Lab 3

Final Group Design: This design incorporates many of the characteristics of the individual group member designs. It uses the t-shaped base piece to spread out the weight of the AEV and maintain a low center of balance. The motors are connected to the base below the structure to help maintain the low center of balance as well. There is a light-weight, 3D printed nose cone attached to the front of the AEV to help improve aerodynamics. The overall design is very minimalist to reduce the weight of the AEV, which would improve acceleration and speed.

 

Emily’s Design:

Emily’s Orthographic Sketch: This sketch features a nosecone that protrudes beneath the base of the AEV. This is used to improve the aerodynamics of the AEV. It also brings the majority of the weight of the design down, below the AEV structure to lower its center of balance. The lower the center of balance of the structure, the more stable it will be as it travels along the track.

 

Duncan’s Design:

Duncan’s Orthographic Sketch: This sketch is very minimalist and only uses the most necessary parts to reduce the weight of the AEV. The propellers are located beneath the structure of the AEV, and the Arduino is placed toward the back.
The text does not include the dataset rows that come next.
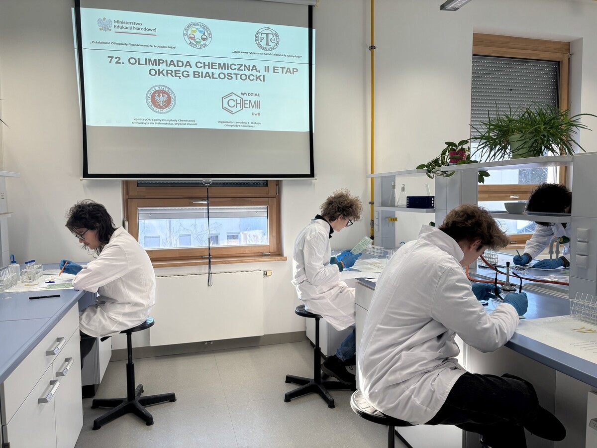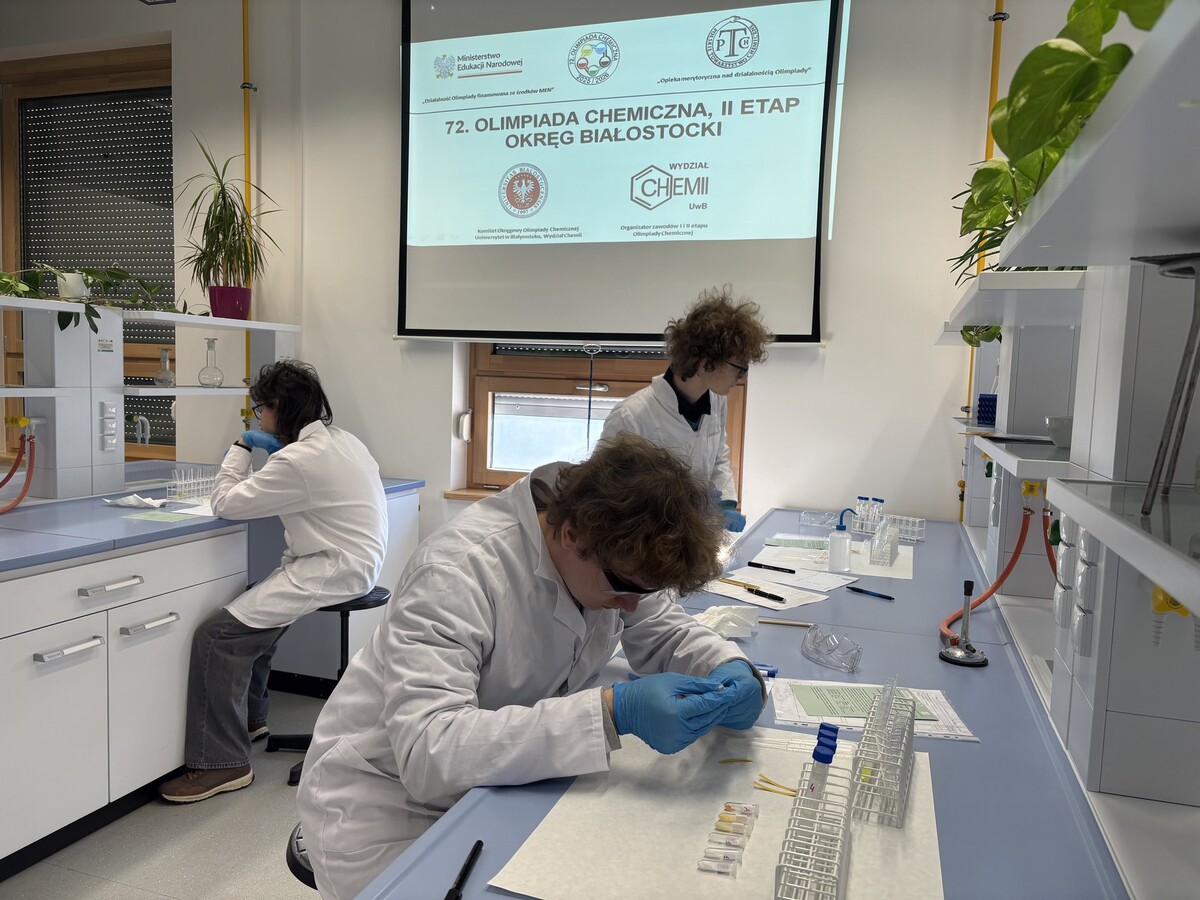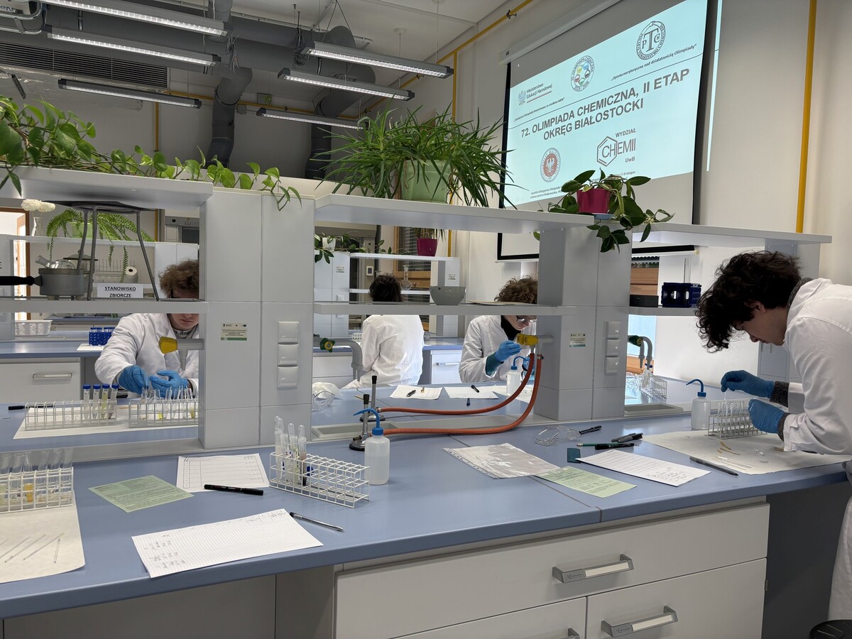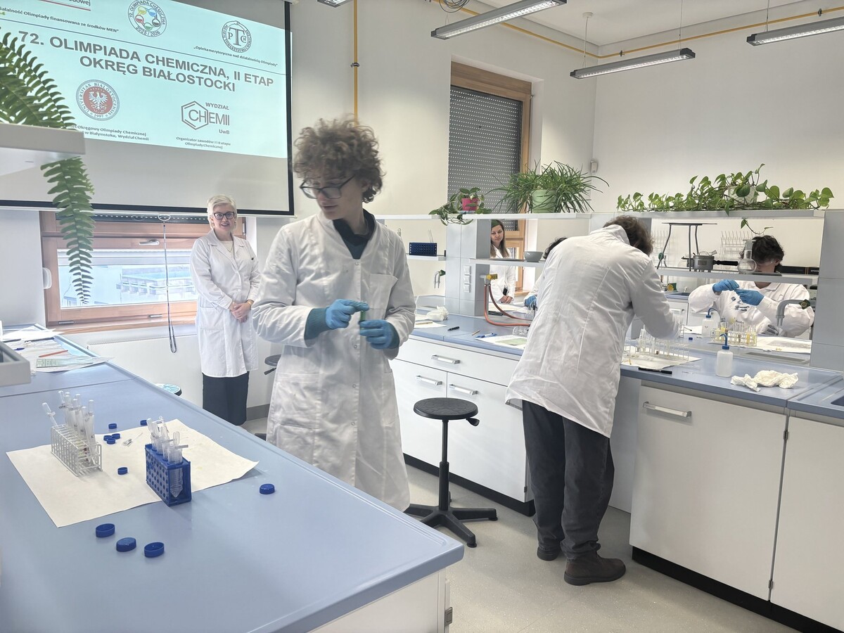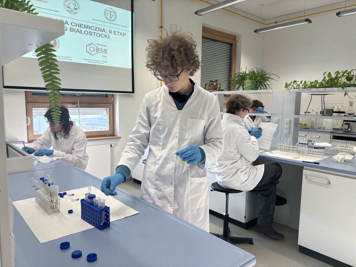 W sobotę zawodnicy przez cztery godziny rozwiązywali zadanie laboratoryjne pt. Analiza materiałów trudno rozpuszczalnych (pigmenty naturalne i syntetyczne). Wyniki II etapu Olimpiady Chemicznej zostaną opublikowane 11.02.2026 r. Uczestnikom Olimpiady z okręgu białostockiego życzymy kwalifikacji do III etapu.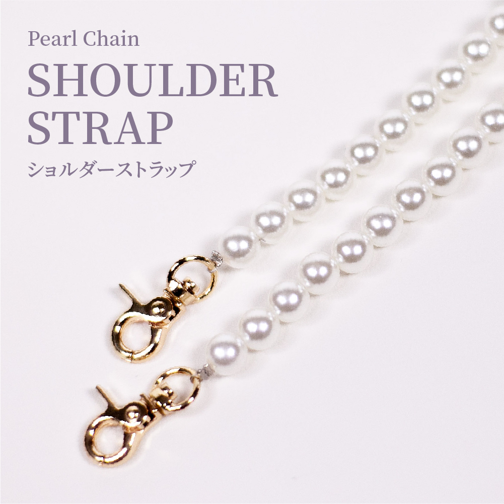 おしゃれなパールチェーンストラップです。多彩な用途に使用可能で様々なバッグに使用できるよう、留め具の開口部を大きくしております。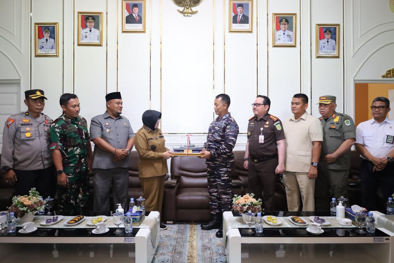 Hangat, ramah dan penuh penghormatan, Bupati Siak Dr. Afni Z, S.A.P., M.Si., sambut kedatangan Danlanal Dumai bersama rombongan. Kunjungan Danlanal Dumai merupakan momentum strategis untuk mempererat hubungan kelembagaan antara Pemerintah Kabupaten Siak dan Lanal Dumai. Berbagai isu strategis serta agenda kerjasama menjadi perbincangan hangat kedua pemimpin, mulai dari bidang potensi maritim, ancaman keamanan wilayah perairan Kabupaten Siak serta beberapa agenda pembangunan infrastruktur yang akan dilaksanakan di Kabupaten Siak.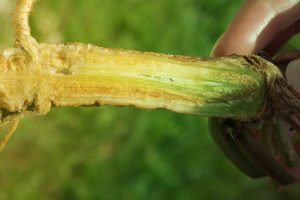 شکل3. بروز بیماری قارچی فوزاریومی در محل طوقه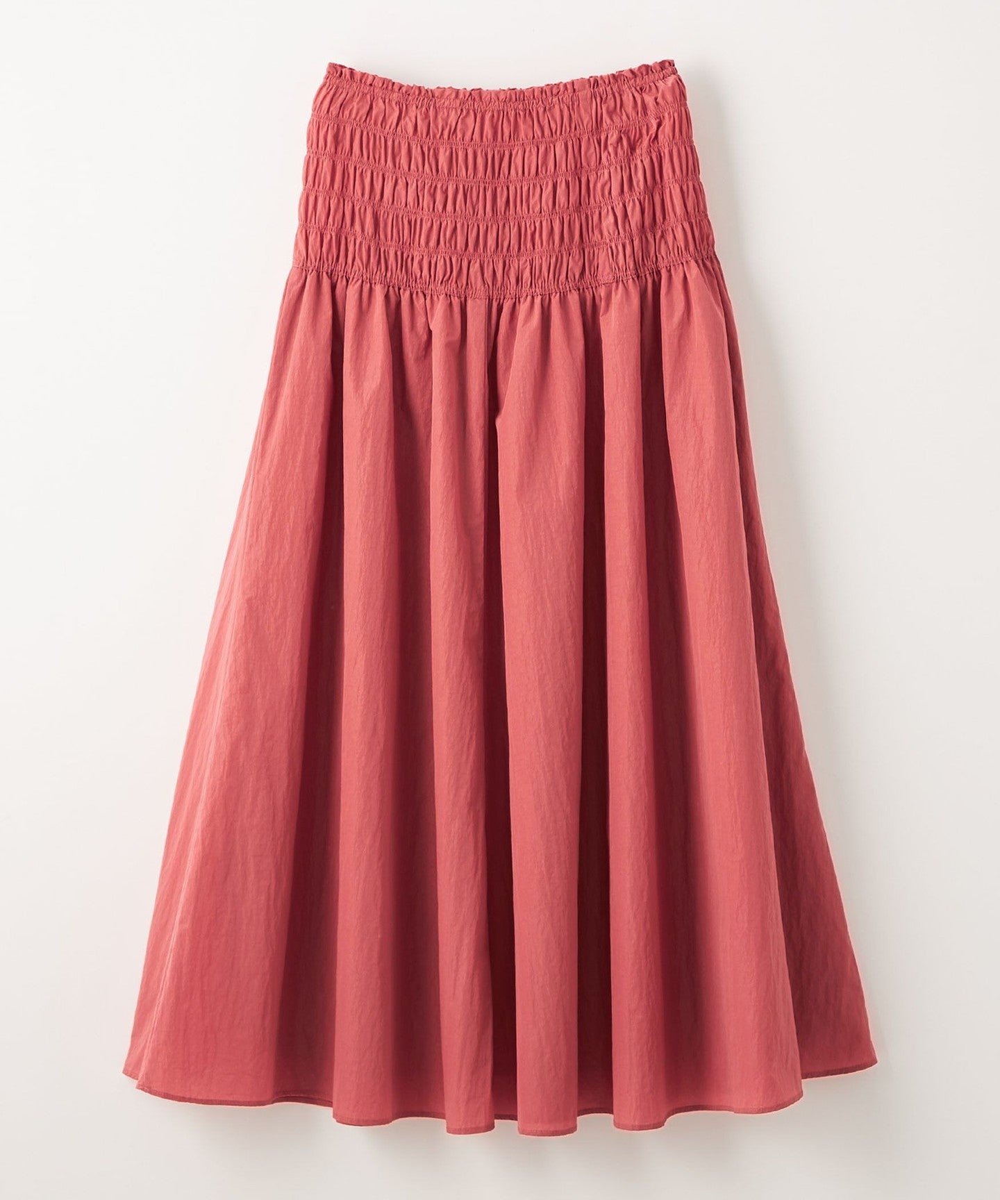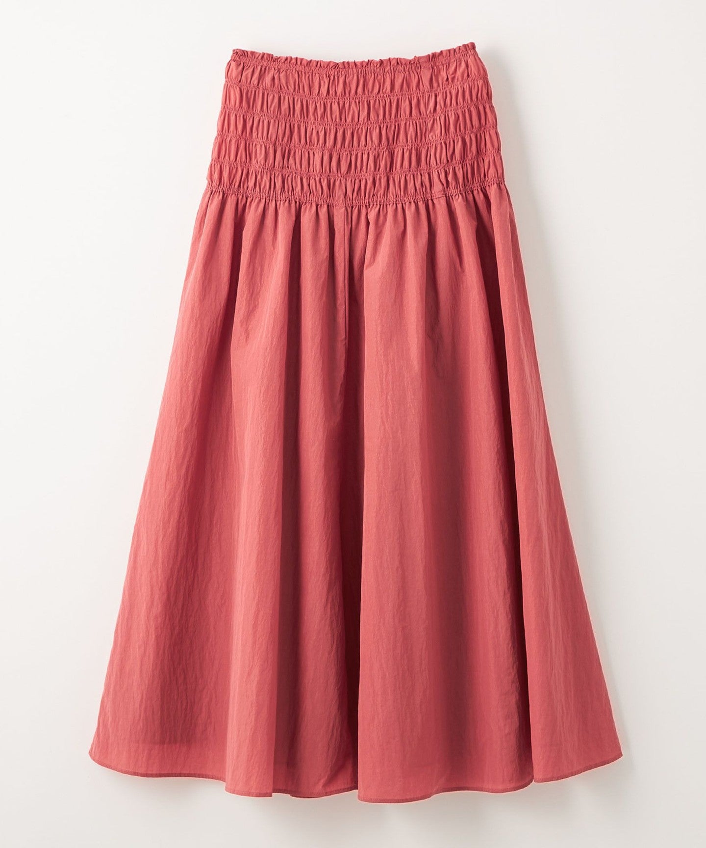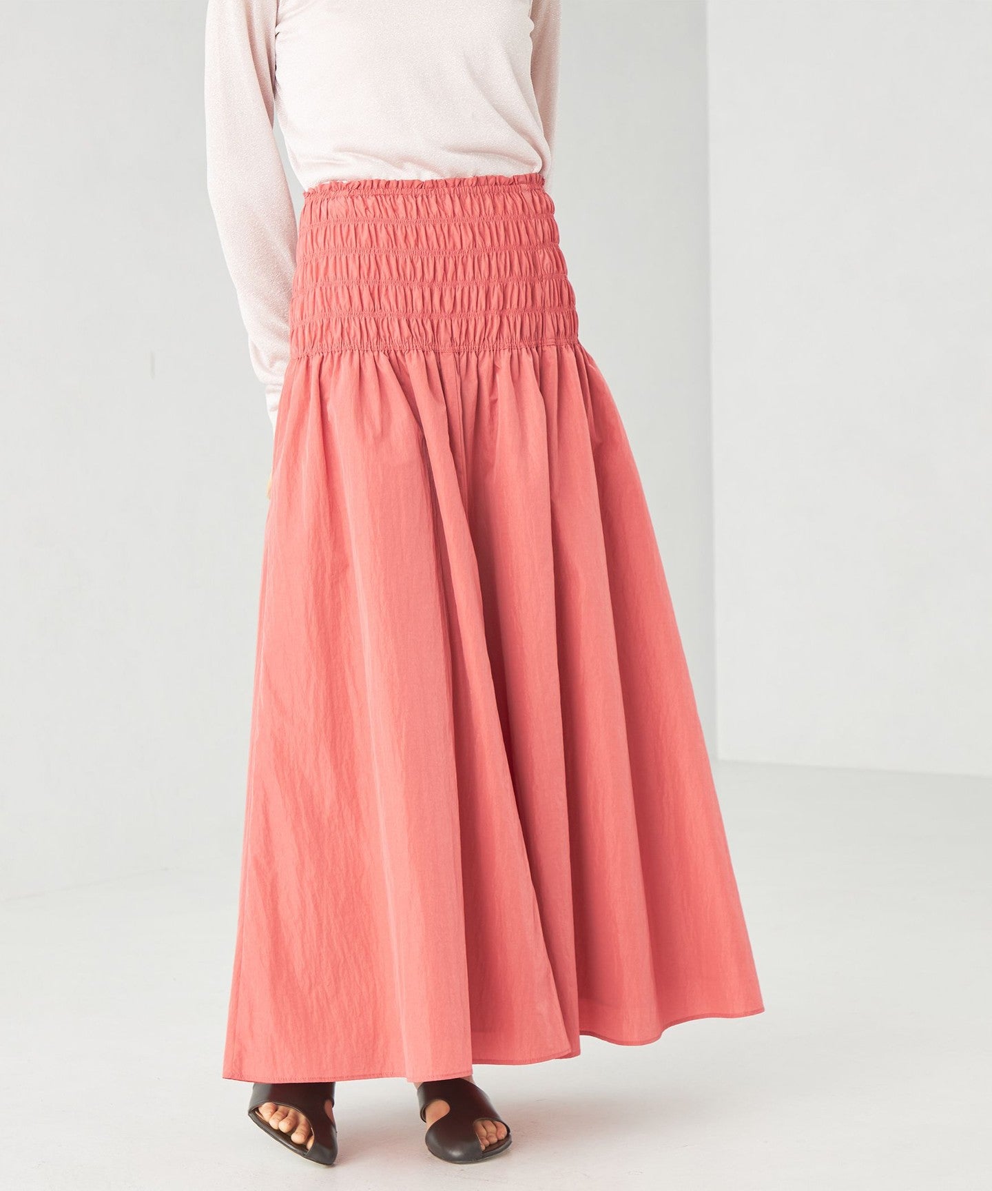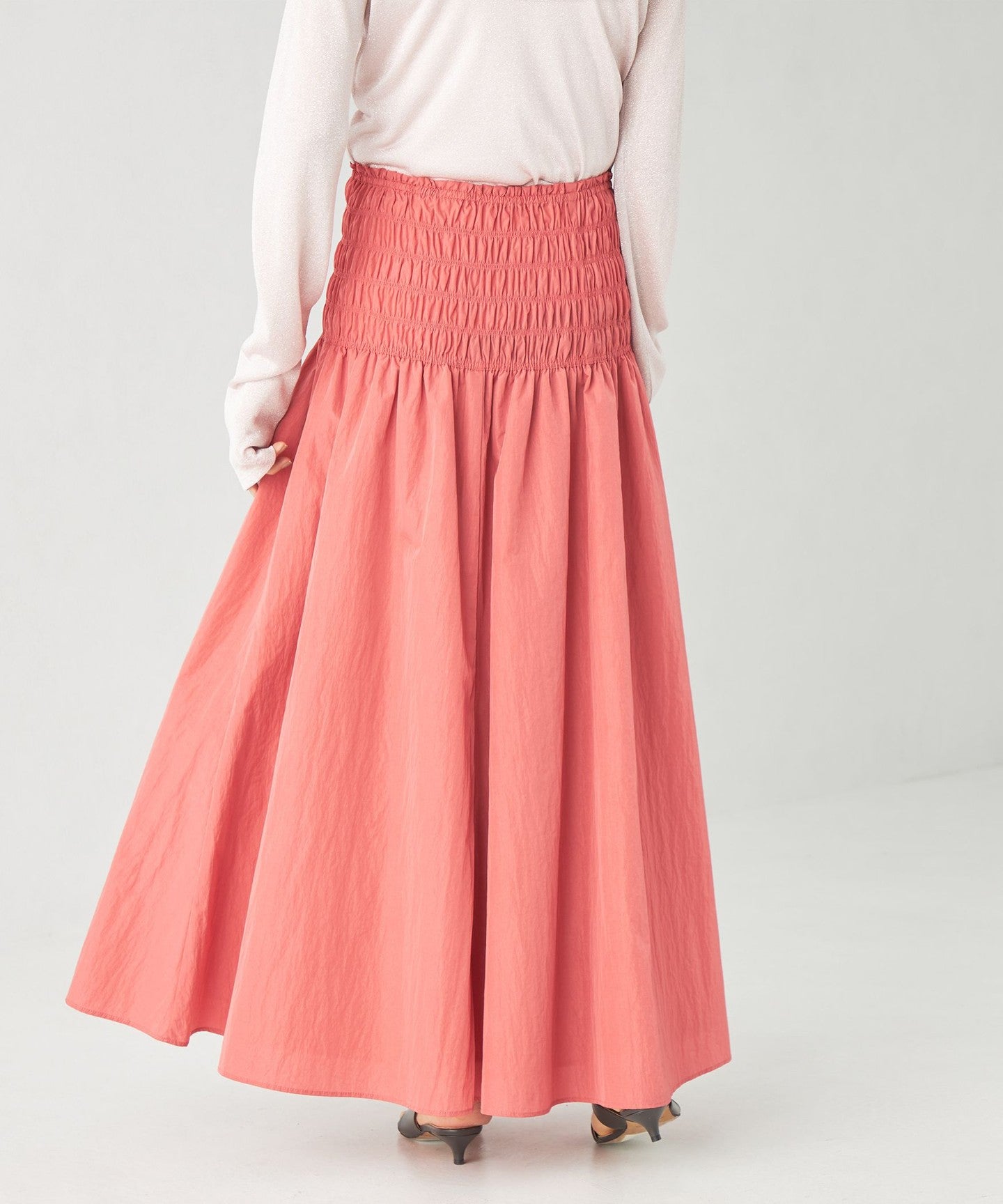 This long skirt's vibrant color will look great with any spring or summer outfit, and the shirring at the waist and dramatic silhouette are key features.

The reduced weight of the design would allow it to accelerate faster and move along the track faster.

 

Cameron’s Design:

Cameron’s Orthographic Sketch: This sketch incorporates a number of 3D printed parts, including a nose cone in the front. The nose cone is multi-functional and can be used to improve the AEV’s aerodynamics, but also helps to keep the various mechanical components inside the AEV.

 

Cole’s Design:

Cole’s Orthographic Sketch: This sketch also incorporates a 3D printed nosecone for improved aerodynamics. It has two wings on the side, which may help to even out the weight of the AEV and increase its stability as it travels along the inclined areas of the track. It could also create lift to help the AEV move up the inclined portion of the track.